A significant risk had been identified in relation to the Value for Money conclusion, in that the Section 151 Officer did not sit on the Chief Executive’s Management Team.  The Governance Review, reported in March 2014, had already considered this and would inform procedures in this area. It was highlighted that the Draft Statement of Accounts 2013/2014 would be updated to reflect the detailed arrangements that were in place with regard to the Section 151 Officer during the 2013/2014 financial year.

 

A risk had also been identified in relation to the Council’s future financial planning and resilience. The External Auditor had considered the criteria specified by the Audit Commission as well as other factors directly affecting the Council, and concluded that there were no other significant risks to report on. Additional procedures would be performed as part of the review in support of the Value for Money conclusion.

 

The details of the audit quality promise were set out in the submitted report and included how the External Auditor would communicate with Council Officers and the Committee during the course of the audit and provide insight into issues that were happening generally around the risk areas.

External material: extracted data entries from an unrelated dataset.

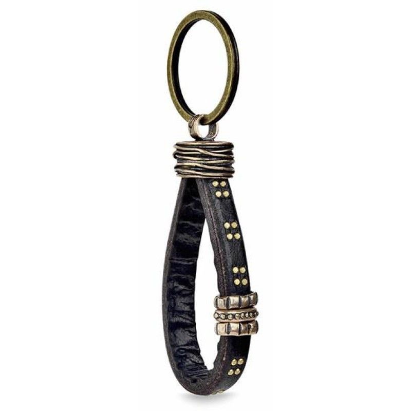 Llavero MK4C en cuero negro con acabado texturizado y detalles metálicos en plateado y bronce. Diseño elegante y robusto con remaches dorados y anillo de metal. Ideal para adultos que buscan un accesorio sofisticado y duradero para sus llaves. Combina estilo vintage con funcionalidad diaria.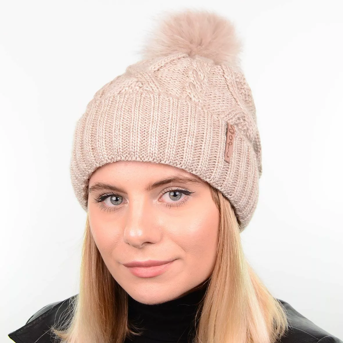 Модная зимняя шапка с натуральным меховым помпоном - смотрится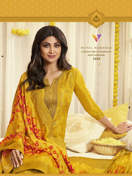 Meena Work Pure Viscose Dola Jacquard Hald and Sangeet Salwar Kameez in Yellow Color-81603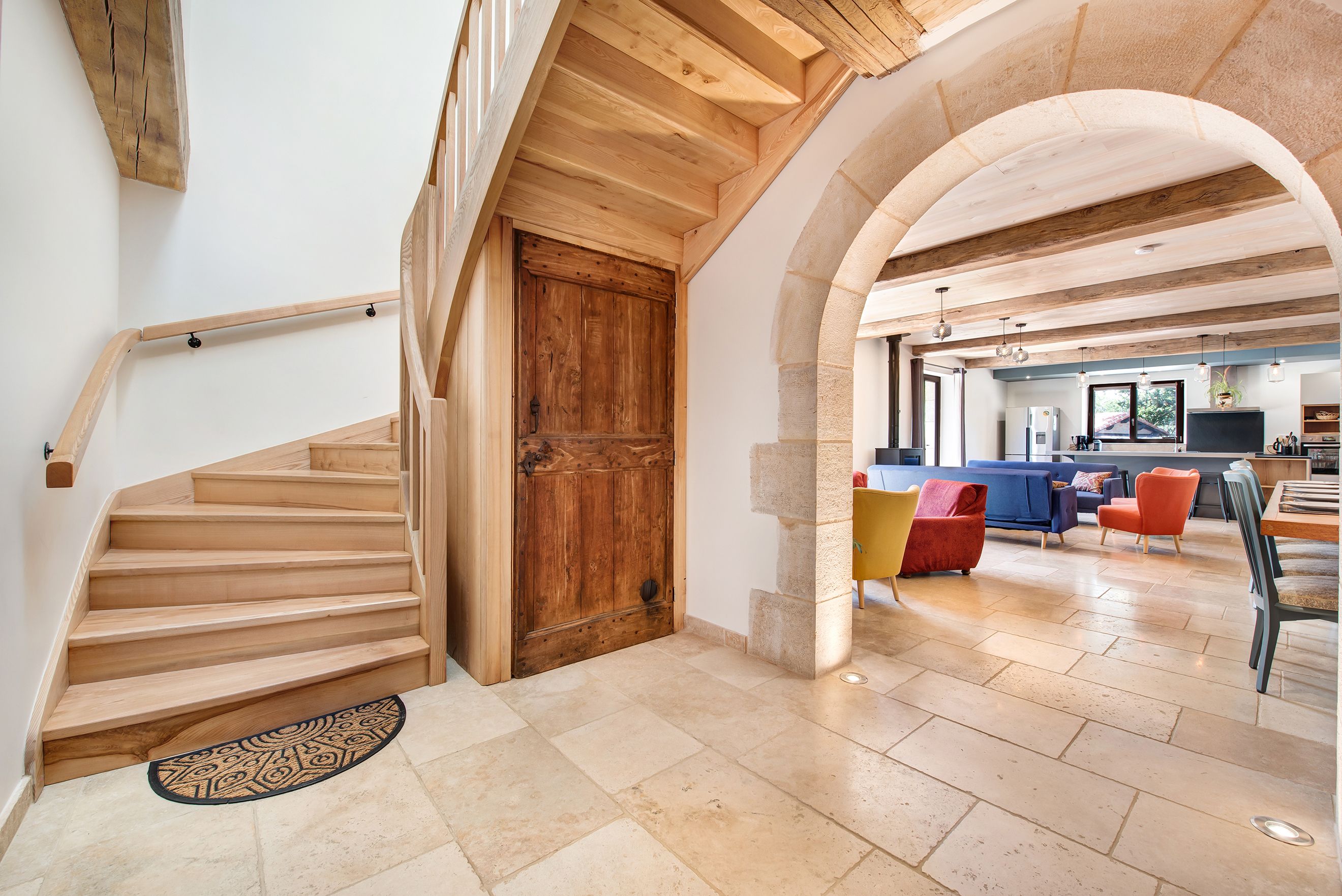 Hermosa casa de piedra totalmente renovada con en la planta baja, un salón de entrada que da acceso a una sala de estar con sala de estar (2 sofás de 3 asientos en ambos lados de una estufa de leña, 4 sillones, mesa de café, TV, reproductor de DVD, satélite) , Área de cocina (elementos integrados, lavavajillas, microondas, refrigeradores, congelador), un comedor con mesa grande y 16 sillas). Acceso a la lavandería (secadora y lavadora) y un armario grande en la entrada. 1 inodoro con lavado de manos y secador de toallas en la planta baja. 2 habitaciones accesibles para personas con movilidad reducida (1 cama 140 cada una con baño privado y WC). Espacio de almacenamiento debajo de la escalera.

The Audit Team was consistent with the team in previous years and had been supplemented with additional skilled, experienced and knowledgeable individuals to ensure timely and effective delivery of the audit.

 

The five key areas of assurance that the External Auditor was required to report on included the Financial Statements, Value for Money Conclusion, Annual Governance Statement, Whole of Government Accounts Return and Grants.

 

The Value for Money conclusion was based on whether the organisation had proper arrangements in place for securing financial resilience and for challenging how it secured economy, efficiency and effectiveness. The biggest challenge was around financial resilience and whether the Medium Term Financial Plan was robust enough to give assurance that the Council could continue to deliver statutory services as well as the non-statutory services that it wished to deliver.

 

At a meeting on 25 March 2014, the Audit and Governance Committee had considered the External Auditor’s Annual Report summarising the work undertaken in respect of grants. The most significant of the grants certified related to the Council’s claim from the Department of Work and Pensions for the Housing Benefit Subsidy. In previous years the certification process also included providing the Council with assurance over the processing of Council Tax Benefit claims. However, following the replacement of Council Tax Benefit with a local Council Tax Reduction scheme, the Auditor’s certification no longer covered these elements of Council income and expenditure. The Auditor suggested that as a result of this reduced assurance from External Audit, the Council might wish to consider further assurance work on grants.

 

Details of the four significant audit risks identified by the External Auditor were included in the report together with the potential impact on the Council and the Auditor’s approach to testing and reviewing the Council’s controls and procedures.

 

Several items including the value of Acklam Hall and the transfer of MIMA to Teesside University were raised.  The External Auditor confirmed that these items would be included in the audit, and the management controls in place and the disclosures in the Accounts would be reviewed.

 

The External Auditor referred to the appendices to the submitted report which contained information in relation to Audit Fees, Fraud: responsibilities and representations, the timetable for the audit and a summary of a research project in relation to the current state of local public services.

 

The External Audit work was due to be completed by the end of August and the findings would be presented to the Corporate Affairs and Audit Committee in September 2014.

 

AGREED that Deloitte’s Planning Report for the year ending 31 March 2014 was received and noted.